EntityKey as defined is very well suited as a Map key, and contains uses the EntityKey for just that
Sanne Grinovero
@Sanne
Jan 22 2014 18:00
it doesn't take very long, but it's responsible for a large % of the EntityKey instances still being allocated after our first round of cleanups
Steve Ebersole
@sebersole
Jan 22 2014 18:02
ok, so it is strictly an allocation fix
Not sure what to say tbh. I understand the desire to remove the allocations, but to me I just keep coming back to the question of the readability of contains(Object,int) versus contains(EntityKey)
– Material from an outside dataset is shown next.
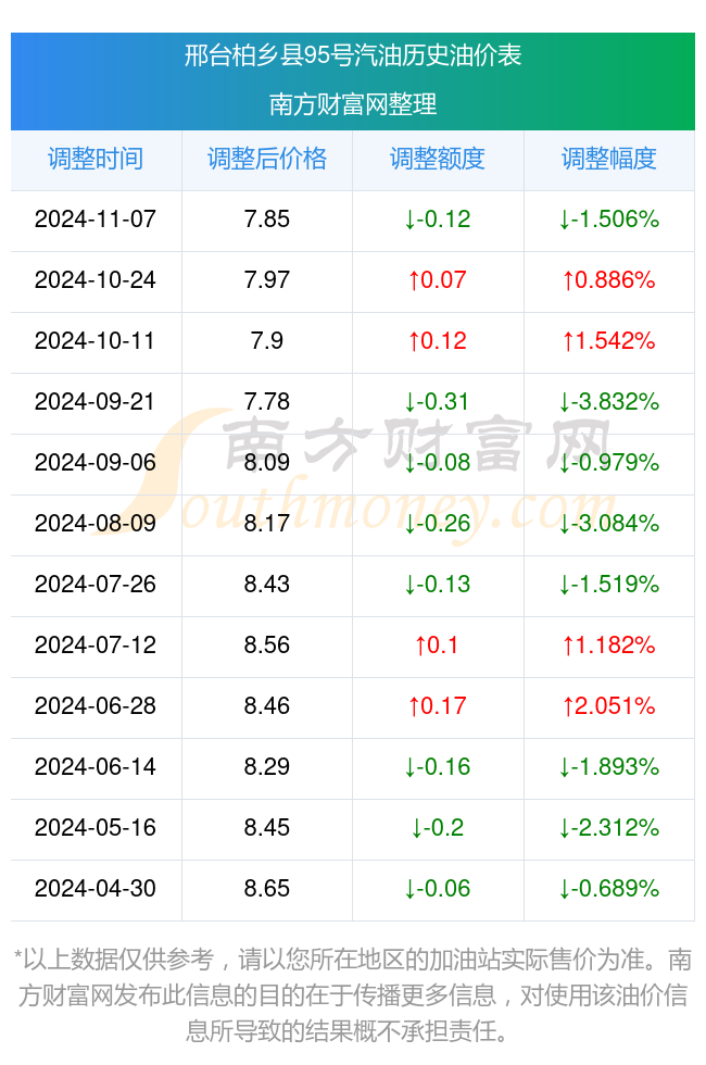 邢台柏乡县95号汽油历史油价表

Object, int is about as non-directive as you can get
( technically it would be Serializable, int )
Sanne Grinovero
@Sanne
Jan 22 2014 18:06
yea I'm with you on that. I just couldn't think of something better than to overhaul the whole internal container .. :worried:
Steve Ebersole
@sebersole
Jan 22 2014 18:07
how about a compromise : contains(Serializable, EntityPersister)
Sanne Grinovero
@Sanne
Jan 22 2014 18:07
we'd probably just need to focus on your other fix, the one you identified yesterday, and then get new figures to see where we stand
Steve Ebersole
@sebersole
Jan 22 2014 18:07
in terms of API its little more directive; still avoids the need for allocating a key object; and can still use the type of structures you suggest interanlly
my "other fix"... you mean a singleton entry for uninitialized entities?
Sanne Grinovero
@Sanne
Jan 22 2014 18:08
that compromise doesn't look too bad. I'm just a bit afraid that it's going to navigate in two hashmaps, so while we relax the allocation cost it might fire back on CPU cost..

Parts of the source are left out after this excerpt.